Is it you? Anyway, Gabriel likes this girl
who's going through some life transitions.
Edgar, you're obviously talking
about you and Lindsay.
How did you know?
Well, you've been screaming
her name out in your sleep.
Usually it's things like,
"Get to the chopper!"
or "Where's Rodriguez?"
or "I didn't know it was a school!"
(softly): I didn't know it was a school.
The point is,
if this is about you and Lindsay,
there is no you and Lindsay.
There's never gonna be.
Never mind.
Can I go back to work now?
You have a job?
Hello, Lindsay.
Paul, you don't have to be nervous.
I'm fine.
Really?
Okay.

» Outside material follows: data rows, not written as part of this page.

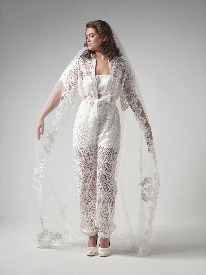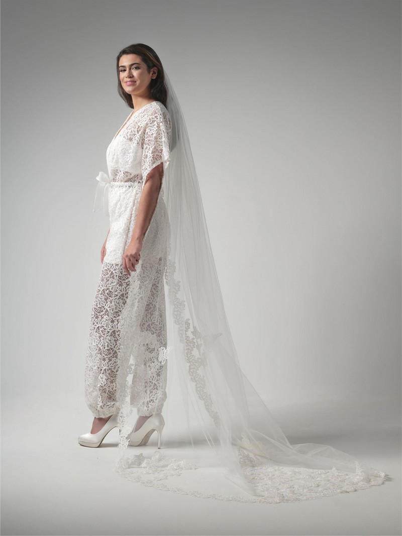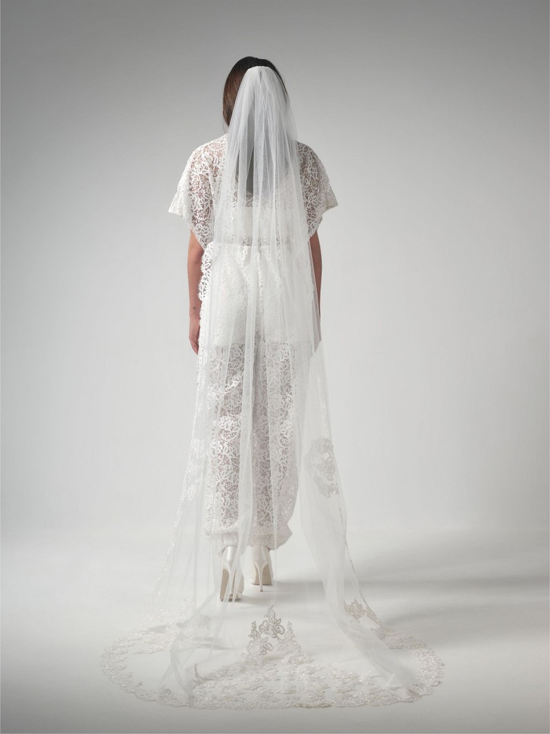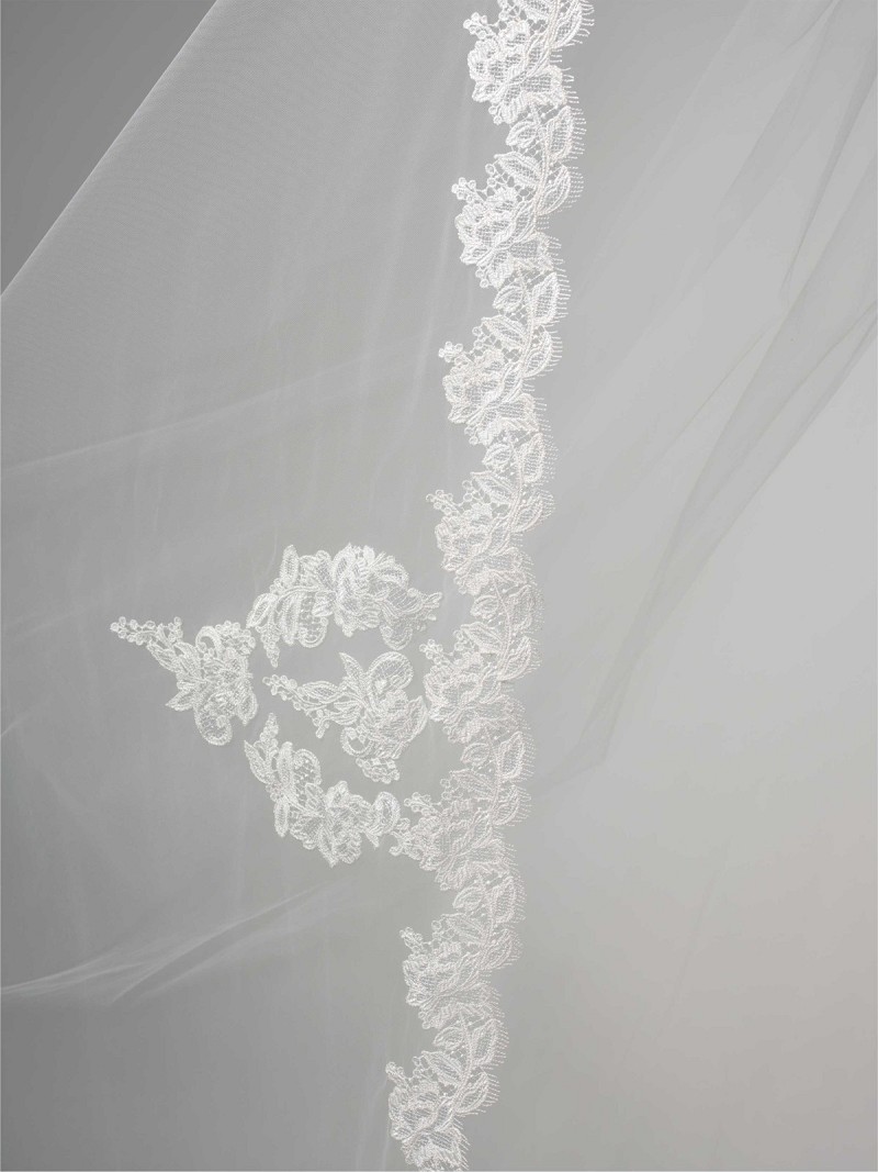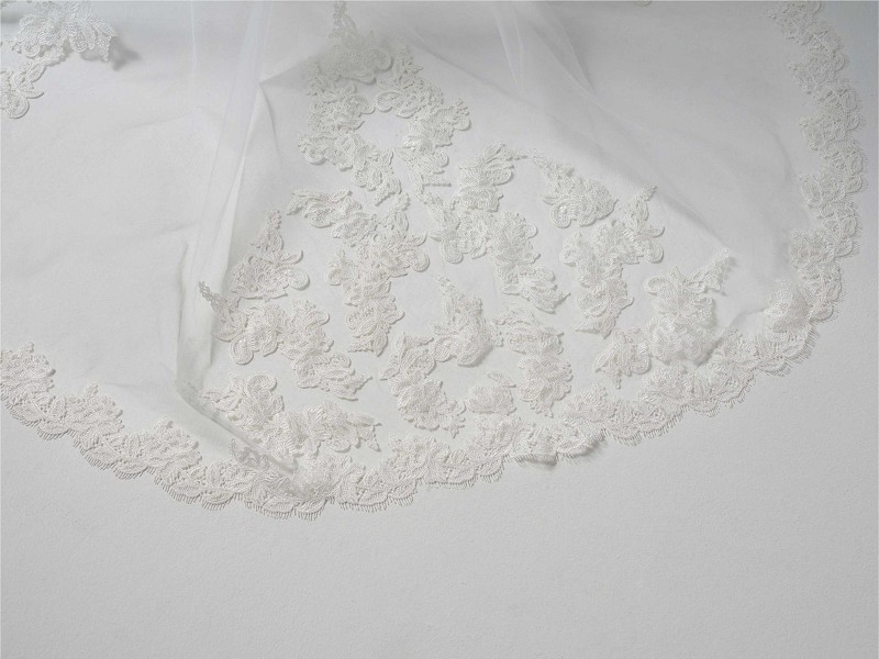 Sluier van enkellaagse medium-tule versierd met bloempatroon van coupure kant | Lengte: 250 cm | Rubia-Lijn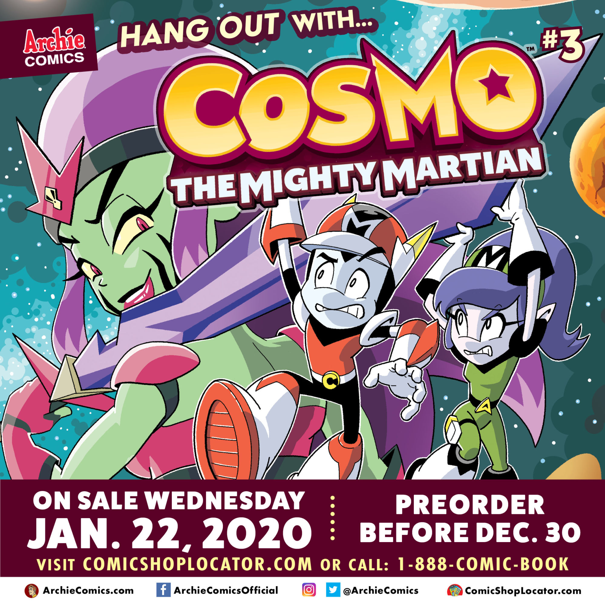 Final order cutoff is on Monday, December 30th, so if you want a copy, let your retailer know before then. Cosmo the Mighty Martian #3 hits stores on January 22nd, 2020.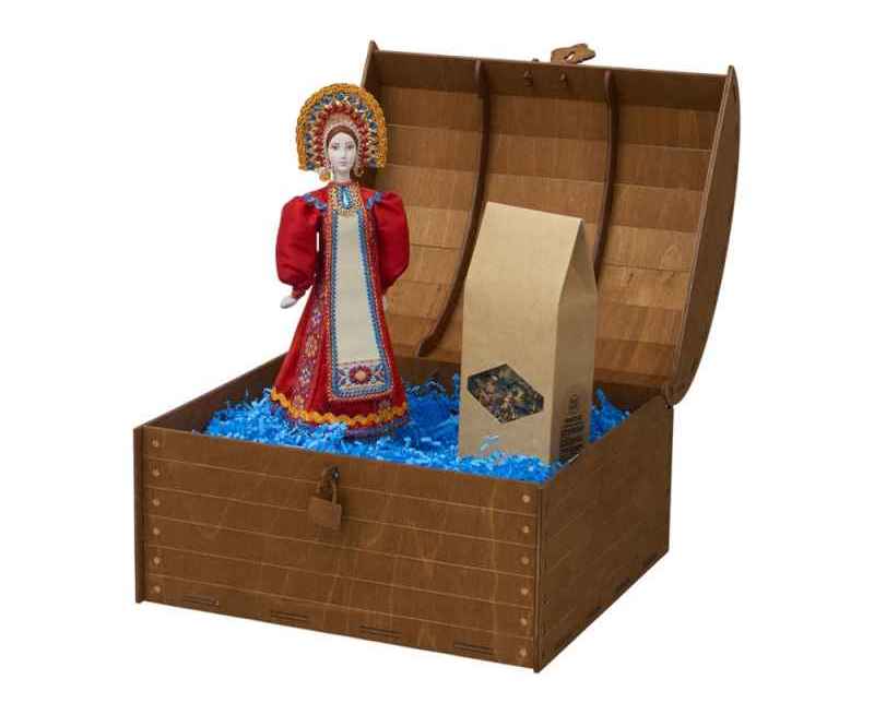 Подарочный набор с фарфоровой куклой и ароматным чаем.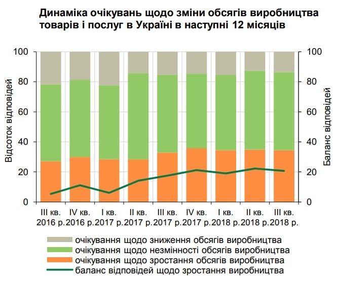 Представители бизнеса ожидают, что среднее значение обменного курса через 12 месяцев составит 29,6 грн за доллар. Об этом свидетельствуют результаты ежеквартального опроса руководителей предприятий, проведённого НБУ в третьем квартале 2018 года. 58,5% респондентов ожидает, что инфляция не превысит 10% или будет снижаться. Респонденты продолжают ожидать роста объёмов производства товаров и услуг, хотя эти ожидания немного снизились — 20,7% против 22,2% во II квартале 2018 года.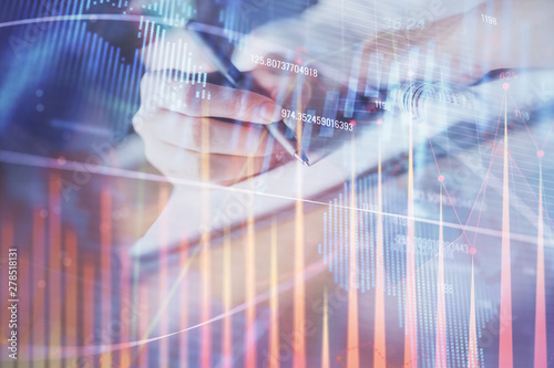 Financial forex graph displayed on hands taking notes background. Concept of research. Double exposure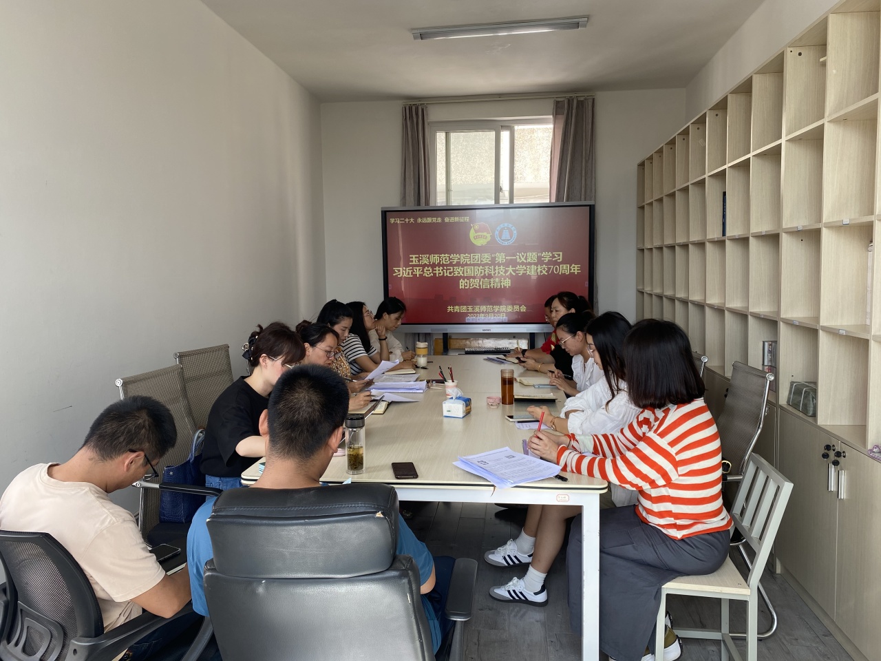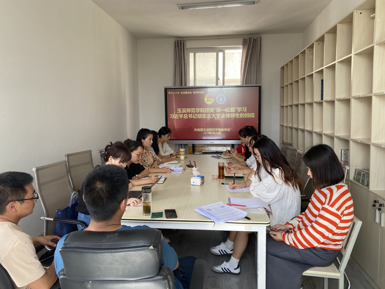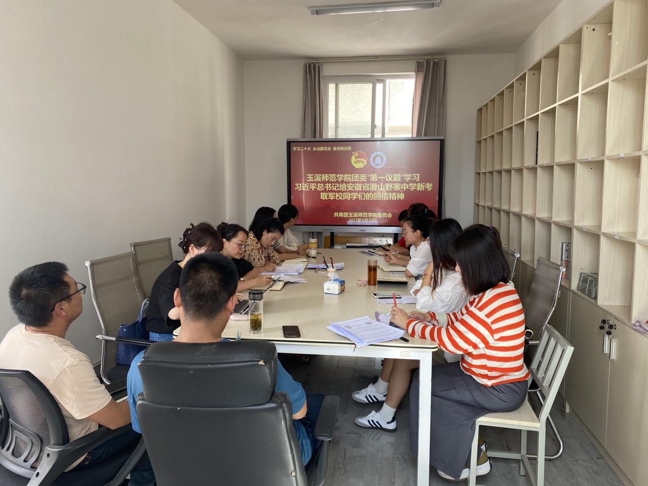 会议通过“第一议题”形式,认真学习习近平总书记给东北大学全体师生的回信、习近平总书记致国防科技大学建校70周年的贺信以及习近平总书记给安徽省潜山野寨中学新考取军校同学们的回信精神。会议指出,习近平总书记的重要回信贺信,充分体现了以习近平同志为核心的党中央对青年成长的高度重视和亲切关怀,同时也为青年人才的成长和培养指明了方向、提出了要求。会议强调,要坚持“第一议题”制度,深化拓展校级团委领学、基层团委促学、团支部研学、团员自学“四学联动”,全面贯彻落实习近平总书记重要讲话精神。要充分利用学校聂耳和国歌爱国主义教育基地、网络正能量传播教育基地,积极开展特色鲜明、富有实效的教育实践活动,引导广大团员青年在学习中坚定理想信念、涵养意志品格、扎实专业知识、投身社会服务、积极担当作为。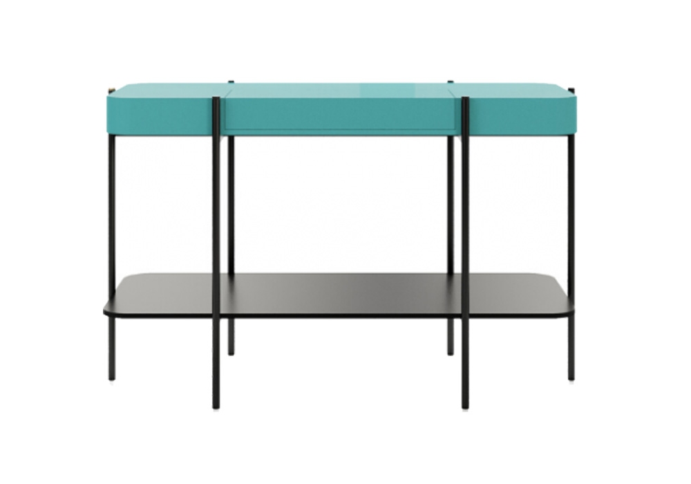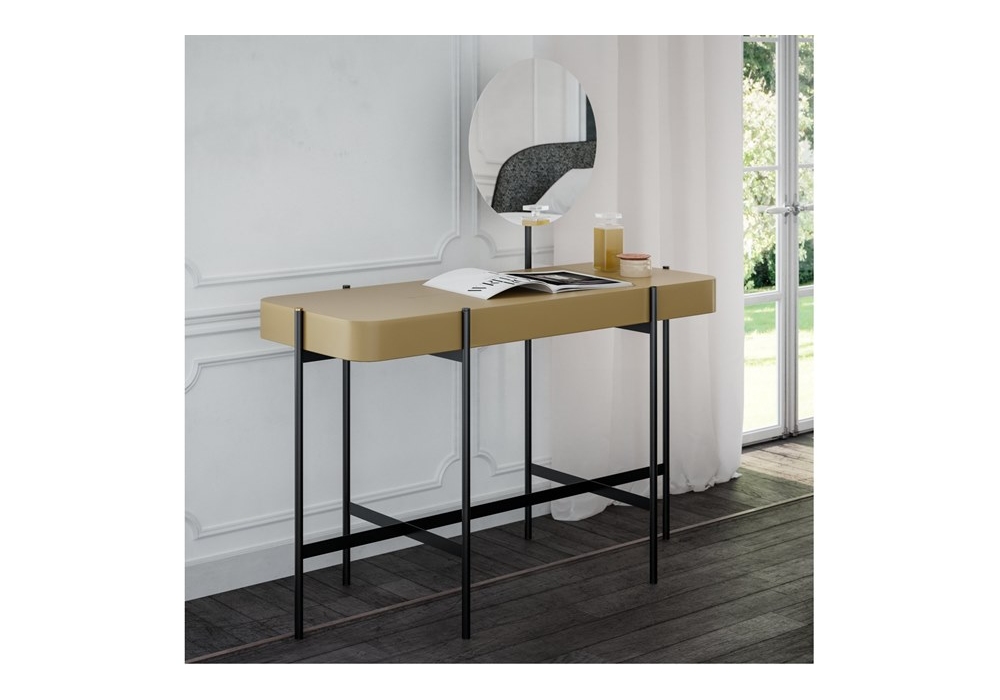 Caillou firmato da Liu Jo Living Collection è una scrivania, una consolle o un set per il trucco. Struttura in legno MDF. Piedino in metallo verniciato a polvere. Disponibile in laccato o effetto legno.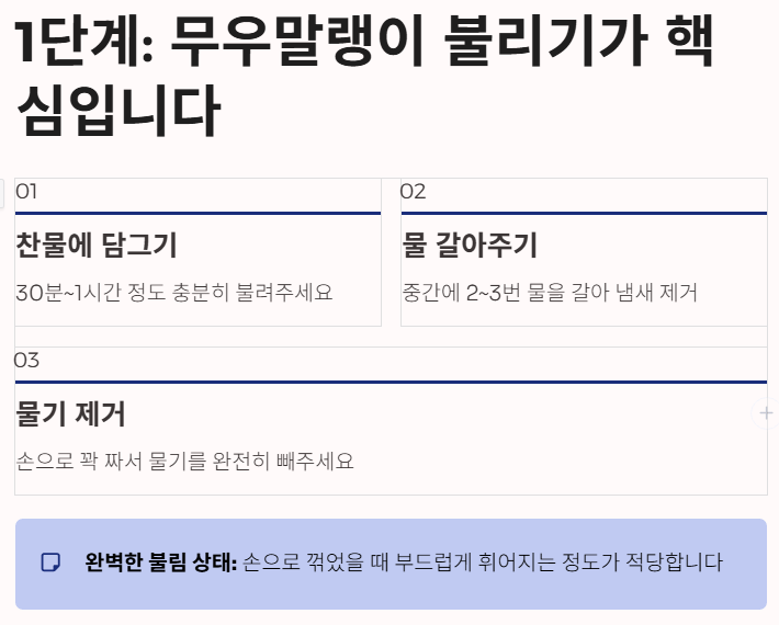 - 충분히 불린 뒤에는 물기를 꼭 짜는 것이 핵심입니다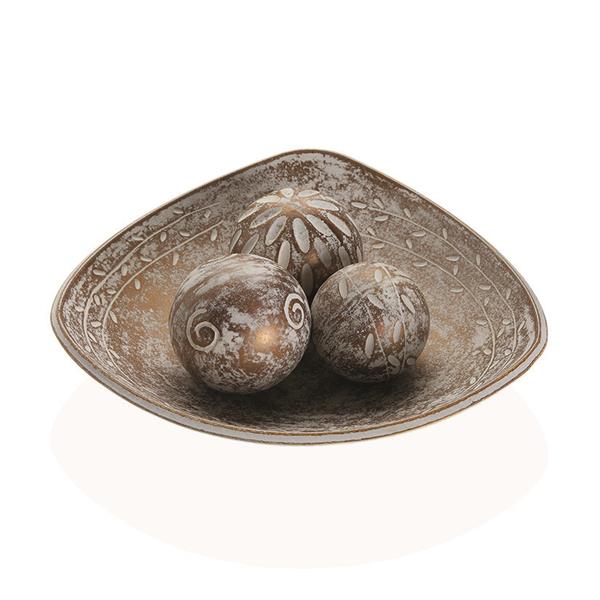 Centro de mesa con 3 bolas decorativas en acabado madera mdf. 31,5x31,5x9 cm.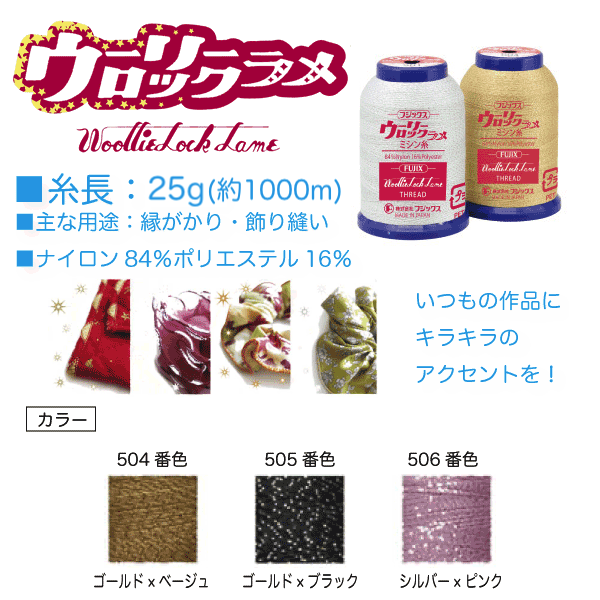 ラメ ロックミシン糸 ロック糸 縁がかり 飾り縫い 約1000m ウーリーロックラメ 25g ミシン糸 (504、505、506)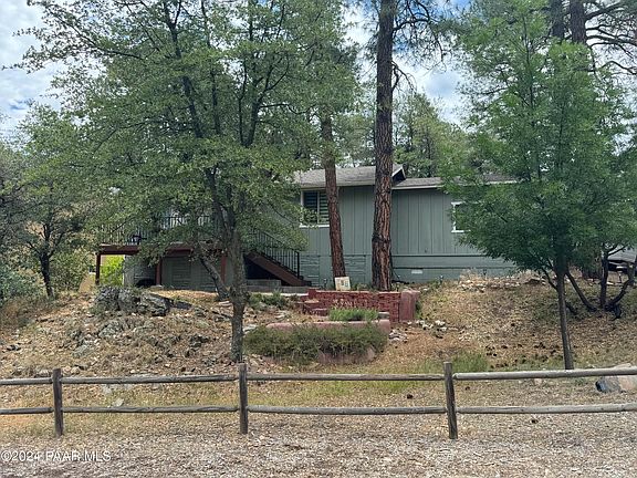 Don't miss the beautiful home in the Mountain Club, nestled amongst the amazing Pine trees and minutes to downtown Prescott. You will love the vaulted Knotty Pine ceilings and cozying up to the wood burning corner fireplace. This home has lots of parking, a large front yard and still offers a lovely fenced backyard with room to roam and privacy fence. You will enjoy a cup of coffee on the front porch, listening to the gentle breeze and birds chirping. NO HOA. Metal storage shed and crawl space offer more storage. Tankless Hot water heater too! You will want to schedule your showing today!

Good.
Guess I don't need this pepper spray.
Here's your mail.
Thank you, madame.
(laughs)
Actually, I brought a few things for you to sign.
What is it?
Just busywork.
Like this one removes you from my video store account.
This one, my hummus of the month club.
This takes you off the membership
for the Museum of Prehistoric Metallurgy,
but I bought you your own individual membership
so there'd be no gap for you there.
(clears throat)
So, how's beer coo...
Amy? Good.
I'm actually flying to Boulder tomorrow
to meet Amy "I.R.L." for the first time, in real life.
That's great.
Yeah. That's really great.
You're gonna do a makeover before you go, right?
What? Oh, nothing. I just figured
before you met your soul mate
you would want to make sure you were looking your best.
What? Has your hair
always been so round?
You're right, she's gonna hate me.
I look like a young Roger Ebert.
Come upstairs.
I'll help you pick out a couple outfits.
Really? After all,
you got me my own membership
to the place with the old stuff.
Thanks, Lindsay.
This is really mature of you.
(panting): Almost...
almost...
I'm ready!
Okay.
(moans) Tighter!
Oh, come on, bear. Oh...
Oh, sweet hand.
That's right, Paulywog.
It's happening, it's happening.
Oh...
(yowling)
(roars) (gasps)
What the hell am I doing?
(door opens)
(Jimmy clears throat)
Hey.
Hey, yourself, Hunk-face.
What are you wearing?
Just a little something fun and flirty.
You like?
Yeah, I bet you do.
I thought we could do butt stuff tonight.
Fantastic!
Yeah, for sure.
We don't have to if you don't want to.
I mean, I could be fine just...
Pfft.
Of course I want to do butt stuff.
In fact,
I am so up for
having another crazy night,
I have prepared as well.
(laughing): Oh, look!
You got a whole mess of cocaine.
Oh, yeah.
'Cause you love cocaine, right?
Yes, I do! (laughs)
It's my shit.
Cool.
Let's add cocaine to the butt stuff.
(yawns)
Are you yawning?
(crescendos yawn into shout)
I'm just excited
for our night of drugs
and potentially dangerous sex acts.
(sighs)
(quietly): Yay.
(quietly): Yay.
(both chuckle)
(gasps)
(groans)
(groans)
(gasps) Ooh, we should let the divorce go through
and then get remarried.
That way, we get to have another fat-ass party
where everyone has to buy us more cool prizes off our list.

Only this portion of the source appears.